一方で、給与の場合は消費税が課されない(不課税)ので、消費税の計算上は仕入税額控除ができません。外注費であれば最大8万円が消費税の計算上、控除できていたのが、できなくなってしまうのです。
2.源泉徴収漏れ
外注費であれば、一定の職種に該当しない限りは、支払う側は源泉徴収義務を負いません。
一方で、給与を支給する場合、原則として源泉徴収する必要があります。
外注費として取り扱ってくれているのであれば、源泉徴収する必要がなかったものの、給与と認定された時点で源泉徴収義務を失念していたという取扱いになってしまうのです。
3.上記の税金納付漏れによる加算税等のペナルティ
外注費が給与として認定されることで、1.仕入税額控除の否認や、2.源泉徴収漏れが生じます。
これらは、本来納税すべき税金を納めていないと判断されてしまいます。
具体的には、過少申告加算税、延滞税、不納付加算税が課されます。
■過少申告加算税
期限内申告をしたが、修正申告や税務署による更生によって追加の税額が生じた場合に支払うペナルティです。
税務調査の通知前に自主的に修正申告書を提出した場合
なんと、過少申告加算税は課されません。
税務署の調査を受ける前に自主的に修正申告をすれば、過少申告加算税はかかりません。(国税庁HPより)

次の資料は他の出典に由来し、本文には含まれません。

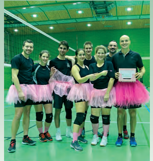
Baller die Waldfee

Doch das nicht nur zur Gaudi: Die Mannschaft hat das Turnier dafür genutzt nebenbei bei den Gegnern Spenden für die Organisation Kinderhilfswerk zu sammeln. Dabei kamen €157,40 zusammen, die wir an die Organisation übergeben haben.

税務調査の通知以後、更正・決定予知前に修正申告書を提出した場合
追加の税額×5%(新たに納める税額が当初の申告納税額と50万円のいずれか多い金額を超えている場合には超えている部分については10%です)
期限内申告で修正申告・更正があった場合
追加の税額×10%(新たに納める税額が当初の申告納税額と50万円のいずれか多い金額を超えている場合には超えている部分については15%です)
■延滞税
税金が納付期限までに完納できないときは、法定納期限の翌日から完納される日までの日数に応じて、利息に相当する延滞税が課されます。
延滞税かかかる場合
- 申告等で確定した税額を法定納期限までに完納しないとき
- 期限後申告書又は修正申告書を提出した場合で、納付しなければならない税額があるとき
- 更正又は決定の処分を受けた場合で、納付しなければならない税額があるとき
延滞税率
延滞税の税率はややこしいです。
□ 納期限の翌日から2月を経過する日まで:
原則:は7.3%/年。
例外:平成26年1月1日以降は、「特例基準割合+1.0%」のいずれか低い割合
□ 納期限の翌日から2月を経過した日以後:
原則:は7.3%/年。
例外:平成26年1月1日以降は、「特例基準割合+7.3%」のいずれか低い割合
■不納付加算税
源泉徴収すべき源泉税額を、納付期限内に支払わなかった場合に課されるペナルティです。
ペナルティは納付すべき税金の10%です!
一定の場合には、5%に軽減されます。
まとめ
外注か給与の判定は、総合的な判断が必要なため、質問されてさっと回答できる類のものではありません。
また、判断を誤ると税額に与える影響が少なくないので慎重な判断が必要となります。
外注費として取り扱った方が、事務手続きも楽、仕入税額控除のメリットを受けられるため、企業からすればメリットが多いので、何事も外注費として取扱いたくなる気持ちはわからなくはないですが、実態をよくよく鑑みて、判定することをお勧めいたします。